◆ RECORDS FOR THE TASK ◆

● ● ● ● ●

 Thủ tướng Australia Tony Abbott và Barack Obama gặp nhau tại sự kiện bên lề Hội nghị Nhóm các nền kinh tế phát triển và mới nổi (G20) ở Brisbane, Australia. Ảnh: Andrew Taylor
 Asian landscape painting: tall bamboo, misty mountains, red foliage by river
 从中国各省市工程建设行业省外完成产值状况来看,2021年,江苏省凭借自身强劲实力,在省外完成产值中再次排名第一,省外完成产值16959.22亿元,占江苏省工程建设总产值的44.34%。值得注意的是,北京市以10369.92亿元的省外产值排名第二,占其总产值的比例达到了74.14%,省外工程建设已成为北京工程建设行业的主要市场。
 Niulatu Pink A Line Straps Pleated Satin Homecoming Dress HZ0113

● ● ● ● ●

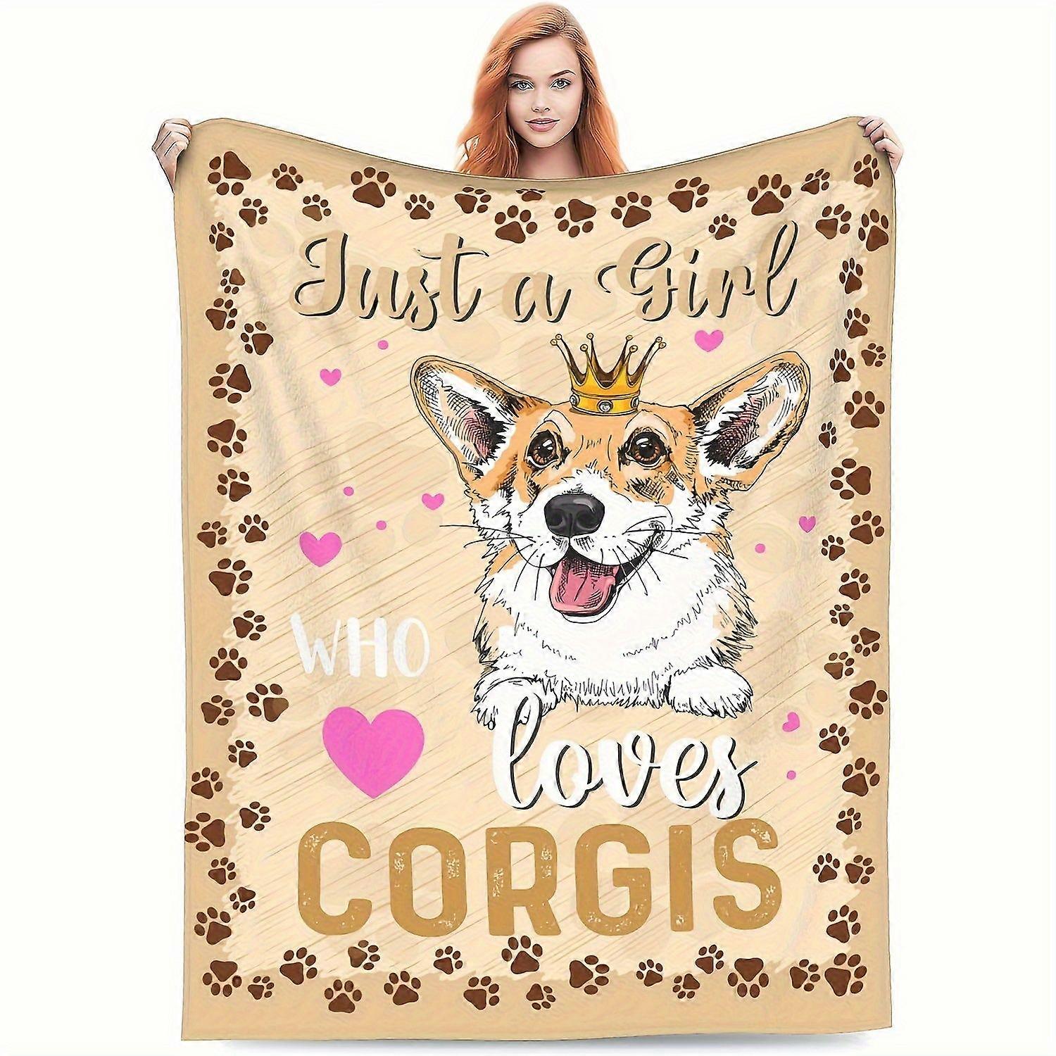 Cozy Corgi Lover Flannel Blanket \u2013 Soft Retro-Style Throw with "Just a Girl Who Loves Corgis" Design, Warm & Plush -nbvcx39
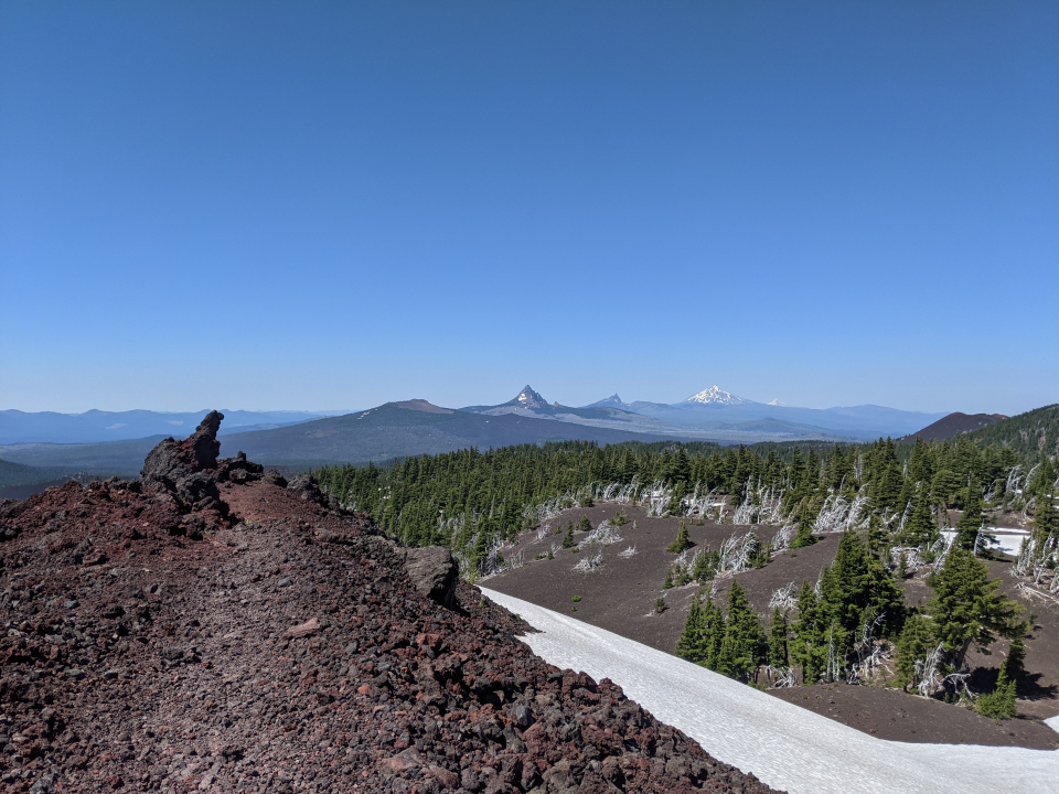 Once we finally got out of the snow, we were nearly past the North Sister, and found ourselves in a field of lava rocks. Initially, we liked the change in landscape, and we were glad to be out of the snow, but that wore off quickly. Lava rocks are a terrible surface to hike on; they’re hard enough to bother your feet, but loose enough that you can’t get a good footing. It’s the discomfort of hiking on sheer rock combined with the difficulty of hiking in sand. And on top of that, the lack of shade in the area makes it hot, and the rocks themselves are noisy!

● ● ● ● ●

All that is needed is the exact run of lines above from the line containing "Asian landscape painting: tall" through the line containing "Niulatu Pink A", both of them included.

 Asian landscape painting: tall bamboo, misty mountains, red foliage by river
 从中国各省市工程建设行业省外完成产值状况来看,2021年,江苏省凭借自身强劲实力,在省外完成产值中再次排名第一,省外完成产值16959.22亿元,占江苏省工程建设总产值的44.34%。值得注意的是,北京市以10369.92亿元的省外产值排名第二,占其总产值的比例达到了74.14%,省外工程建设已成为北京工程建设行业的主要市场。
 Niulatu Pink A Line Straps Pleated Satin Homecoming Dress HZ0113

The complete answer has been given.